There's a vent right in front of the amp which lets the water in.... Stupid design!


----------



## andys_tts (Oct 12, 2016)

rajanm1 said:


> andys_tts said:
> 
> 
> > Ok time for the "stupid" question. :roll:
> ...


Cheers for that. I'll have a look tomorrow.


----------



## ADB (May 7, 2002)

My Bose amp is all boxed up and ready to take a trip to Edinburgh for repair. I am keen on retrofitting a cover/splash guard but can't see some of the pictures in this thread and can't quite understand the text about the 2lt pop bottle?
Anyone got some pictures or a guide?

Cheers
Andy


----------



## Matt B (Apr 8, 2007)

ADB said:


> My Bose amp is all boxed up and ready to take a trip to Edinburgh for repair.
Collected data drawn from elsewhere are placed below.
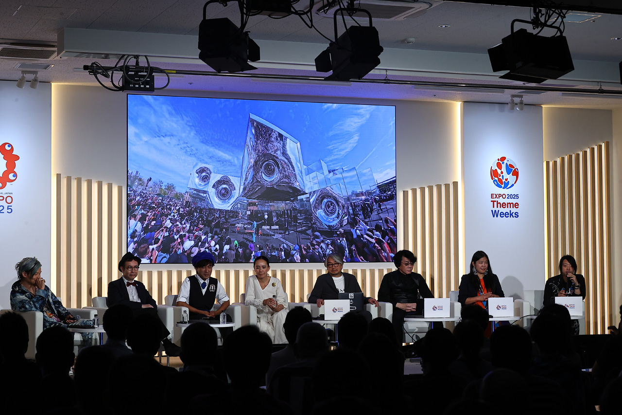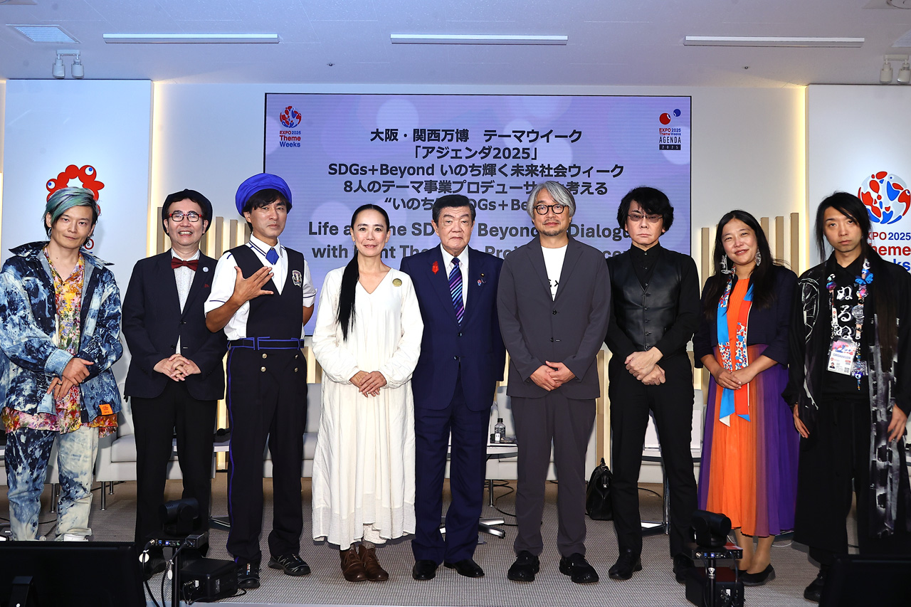 『8人のテーマ事業プロデューサーと考える“いのち”と SDGs+Beyond』と題して開催。登壇した8人は「いのち」に関する各シグニチャーパビリオンを担当し、その振り返りと、SDGs+Beyondへの展望とビジョンを披露することとなった。
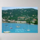 Rua. Thomas Sailboat - As veleiras descansam na calma água turquesa do Caribe no porto de Charlotte Amalie, Rua. Thomas, nas Ilhas Virgens dos EUA.
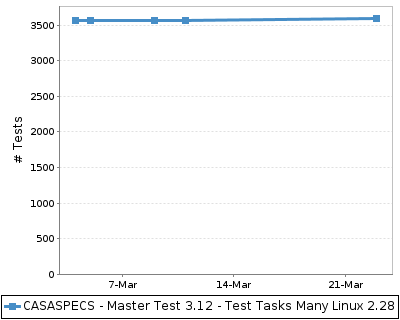The chart below shows the number of tests across time. This provides a rough indication of the level of testing over time for the build.
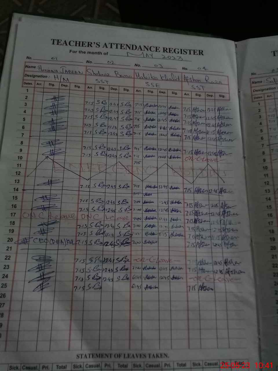 | CNIC | Full Name | Designation | R/C | Absence During Last Calender Month |
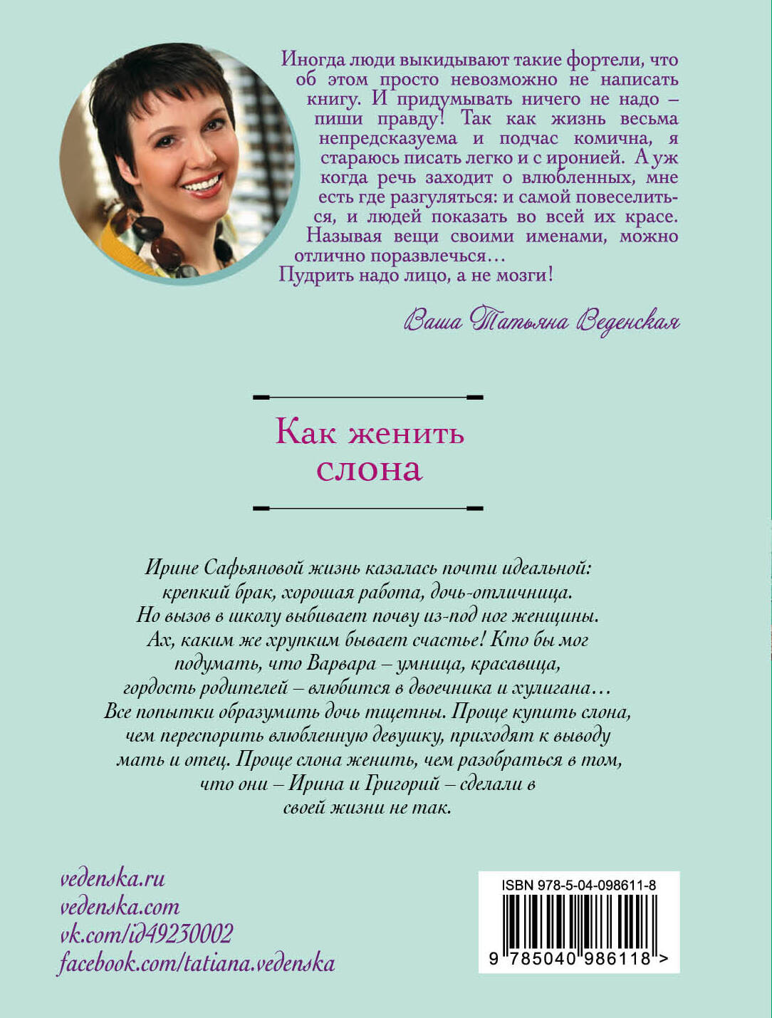 Ирине Сафьяновой жизнь казалась почти идеальной: крепкий брак, хорошая работа, дочь-отличница. Но вызов в школу выбивает почву из-под ног женщины. Ах, каким же хрупким бывает счастье! Кто бы мог подумать, что Варвара - умница, красавица, гордость родителей - влюбится в двоечника и хулигана… Все попытки образумить дочь тщетны. Проще купить слона, чем переспорить влюбленную девушку, приходят к выводу мать и отец. Проще слона женить, чем разобраться в том, что они - Ирина и Григорий - сделали в своей жизни не так.| Издательство | ООО "Издательство "Эксмо" |

I am keen on retrofitting a cover/splash guard but can't see some of the pictures in this thread and can't quite understand the text about the 2lt pop bottle?
> Anyone got some pictures or a guide?
> 
> Cheers
> Andy


Mines actually in Edinburgh at the moment - so would love to see how people have done this


----------



## turboDean (Nov 16, 2016)

This is the pic from earlier in the thread, still shows up on google image search:









When i did mine i cut the bottle so the flat bottom went under the amp and covered a lot more of the amp than this, but with a good air gap for the amp to be able to breathe, mine stays in place without the need for cable ties just because of the shape of the bottle, unfortunately I didn't think to take pocs at the time.


----------



## carlsicesilverTT (Jun 30, 2016)

Ok, so it seems that their maybe a bad design somewhere along the line when fitting these amps which is allowing water/condensation to eventually cause the amp to fail.

Like most things on the car, the older the car the more likely they are too fail, so I noticed one dudes amp is broke who has a 2008 TTS. Are people with newer TT's, late 2012 onwards also having amps failing on them?


----------



## turboDean (Nov 16, 2016)

carlsicesilverTT said:


> Ok, so it seems that their maybe a bad design somewhere along the line when fitting these amps which is allowing water/condensation to eventually cause the amp to fail.
> 
> Like most things on the car, the older the car the more likely they are too fail, so I noticed one dudes amp is broke who has a 2008 TTS. Are people with newer TT's, late 2012 onwards also having amps failing on them?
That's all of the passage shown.